Я помню ночь, когда стоял на мостике «Флэшер», рассекавшей гладь спокойного, залитого [16] лунным светом моря, в компании с вахтенным всматриваясь в горизонт в поисках противника, когда мне вдруг пришла в голову почти мистическая убежденность в том, что каждый человек внизу — мой брат. Вспомнились слова Генри V из хроники У. Шекспира: «Ибо тот, кто сегодня проливает вместе со мной свою кровь, будет моим братом». Это чувство, я думаю, разделял тогда каждый из нас. До сих пор, когда я вижу человека с отличительными значками подводника, я останавливаю его, чтобы пожать руку.

Не знаю, кто придумал нам прозвище «тихая служба», но при всем своем соответствии оно неизбежно вводит в заблуждение.
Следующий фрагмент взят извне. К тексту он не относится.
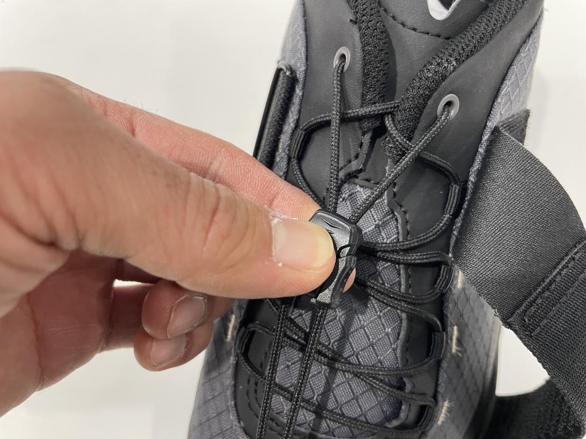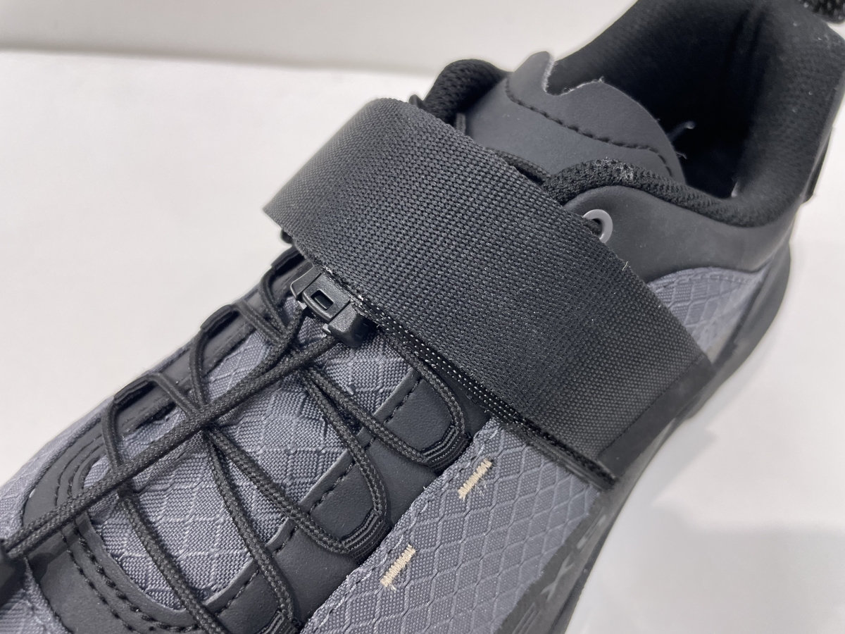 紐だけではしっかり締めることが難しいので、甲の足首よりには大きなベルクロがついており、ここをしっかり締めこむことでよりフィット感が向上します。

Операции подводных лодок были скрыты покровом секретности, за некоторыми исключениями, сделанными из моральных соображений, такими, как всеобщее одобрение действий Маша Мортона, когда мы вернулись после патрулирования, в ходе которого «Уаху» провела свою знаменитую рекогносцировку гавани Вевак. А прозвище «тихая служба» несло в себе некоторую таинственность и некое очарование для широкой публики, которая фактически ничего не знала о подлодках. При этом оно способствовало созданию представления о подводниках как о суровых, молчаливых людях иной, чем прочие, породы, и это, конечно, было ошибкой.

Для меня служба подводника не была зловещей ни в каком смысле. Да, пришлось пережить ужасные моменты, пройти через ад, но все-таки создаваемый вышеупомянутым определением имидж вводит в заблуждение. Подводники молчаливы больше в силу необходимости, чем по своей природе. Но в каждый отдельный момент обстановка на борту субмарины столь же похожа на фарс, как и на трагедию. У подводников [17] прекрасно развито чувство юмора — без этого им не обойтись. Я вообще считаю, что слишком мало сказано о чувстве юмора американцев, проявившемся во время войны. Это было своего рода нашим секретным оружием. Я помню, как читал перехваченное донесение японской патрульной субмарины в районе Пёрл-Харбора 7 декабря 1941 года. Ее офицеры решили, что попали в окружение вражеских подлодок. Они ударились о дно где-то в районе Гавайских островов, и у лодки стал такой ужасный угол крена на одну сторону, что ее гальюны перехлестнули через край и нечистоты залили каюты. В донесении говорилось, что японские моряки провозгласили славу императору, прежде чем предстанут, по их выражению, пред ликом смерти. Они были убеждены в том, что вот-вот будут уничтожены. На самом же деле на обозримом расстоянии не было никакого врага, когда они представали пред ликом смерти, поэтому они благополучно вернулись в свою империю.

Американский экипаж, попадая в критическую ситуацию и находясь по колено в дерьме, уж точно не славил Франклина Делано Рузвельта и не думал о лике смерти. Подводники шутили на этот счет, как это делал капитан Уорс Скэнлэнд, когда точно такой же случай произошел на борту «Хокбилл» в 1944 году.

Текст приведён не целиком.